Three breakthroughs that ensured the coming appearance of artificial intelligence

Искусственный интеллект

"A few months ago," says Kevin Kelly of Wired, "I went to the forest campus of IBM's research laboratory in Yorktown Heights, New York, to look at the birth of a promising future of artificial intelligence. It was the house of Watson, the electronic genius who won the Jeopardy competition! in 2011. Watson was then so - the size of a bedroom, consisting of ten vertical, refrigerator-like machines that form four walls. A small cavity inside provides technicians with access to a hodgepodge of wires and cables on the backs of these machines. Also inside it is amazingly warm, as if something is living its own life. "

Today Watson is completely different. It no longer exists exclusively in the form of arrays of cabinets, but spread to cloud servers that support several hundred "instances" of artificial intelligence simultaneously. Like all cloud things, Watson is available to users around the world, they access it from the phone, from the computer, from their own servers. This type of artificial intelligence can be scaled up and down as needed. As artificial intelligence improves with how people use it, Watson always gets smarter. Everything that he studies immediately becomes available to others. And this is not one program, it is a collection of various software systems - logic, language, all this can work on different code, on different chips, in different places - which are embodied in a single stream of intelligence.
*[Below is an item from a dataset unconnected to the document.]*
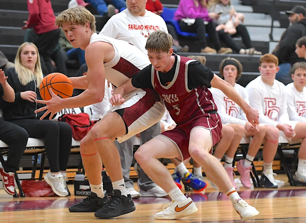 Oklahoma Union’s Jimmy Williams (5) fights for the ball against a Fairland player earlier in the week. OKU is playing in the Ty Hewitt Memorial Tournament in Nowata.
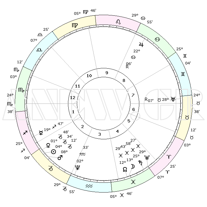 | | ΘΕΣΕΙΣ ΠΛΑΝΗΤΩΝ ΑΣΤΡΟΛΟΓΙΚΟΥ ΧΑΡΤΗ ΤΗΣ ΣΤΙΓΜΗΣ ΑΥΤΗΣ | | | | Πλανήτης | Ζώδιο | Μοίρες | Δεκαήμ. | Σε οίκο | Απόκλιση | | Ακμές των οίκων | | Ηλιος | Αιγόκερως | 04°29' | Πρώτο | 3 | 23 S 21 | | 1ος | 29°28' | Ζυγός | | Σελήνη | Ιχθείς | 12°35' | Δεύτερο | 5 | 06 S 44 | | 2ος | 27°51' | Σκορπιός | | Ερμής | Τοξότης | 19°39' | Δεύτερο | 2 | 22 S 54 | | 3ος | 29°45' | Τοξότης | | Αφροδίτη | Αιγόκερως | 01°42' | Πρώτο | 3 | 23 S 42 | | 4ος | 03°55' | Υδροχόος | | Αρης | Αιγόκερως | 08°08' | Πρώτο | 3 | 24 S 02 | | 5ος | 06°50' | Ιχθείς | | Δίας | Καρκίνος | 22°07'R | Τρίτο | 9 | 21 N 50 | | 6ος | 05°33' | Κριός | | Κρόνος | Ιχθείς | 25°58' | Τρίτο | 5 | 03 S 42 | | 7ος | 29°28' | Κριός | | Ουρανός | Ταύρος | 28°07'R | Τρίτο | 8 | 19 N 32 | | 8ος | 27°51' | Ταύρος | | Ποσειδώνας | Ιχθείς | 29°27' | Τρίτο | 5 | 01 S 27 | | 9ος | 29°45' | Δίδυμοι | | Πλούτωνας | Υδροχόος | 02°33' | Πρώτο | 3 | 23 S 15 | | 10ος | 03°55' | Λέων | | Β. Δεσμός | Ιχθείς | 12°29' | Δεύτερο | 5 | 06 S 52 | | 11ος | 06°50' | Παρθένος | | Ωροσκόπος | Ζυγός | 29°28' | Τρίτο | | | 12ος | 05°33' | Ζυγός | | Μεσουράνημα | Λέων | 03°55' | Πρώτο | | | |

Users can connect to both intelligence directly, and through third-party applications that use the basic intelligence with the help of the cloud. Like many parents of talented children, IBM wants Watson to make a medical career, so it will not surprise anyone that medical diagnostic tools are first developed for him. Most of the previous attempts to create a diagnostic artificial intelligence have not been successful, but Watson works very well. If in simple English I list him the symptoms of a disease that I once picked up in India, he will give out a list of sores, from the most likely to the unlikely. Most likely, the cause of the disease was in Giardia - and this is the correct answer. However, such an examination is not yet available to patients; IBM gives access to Watson's intelligence to partners, helping them develop friendly user interfaces for doctors and hospitals.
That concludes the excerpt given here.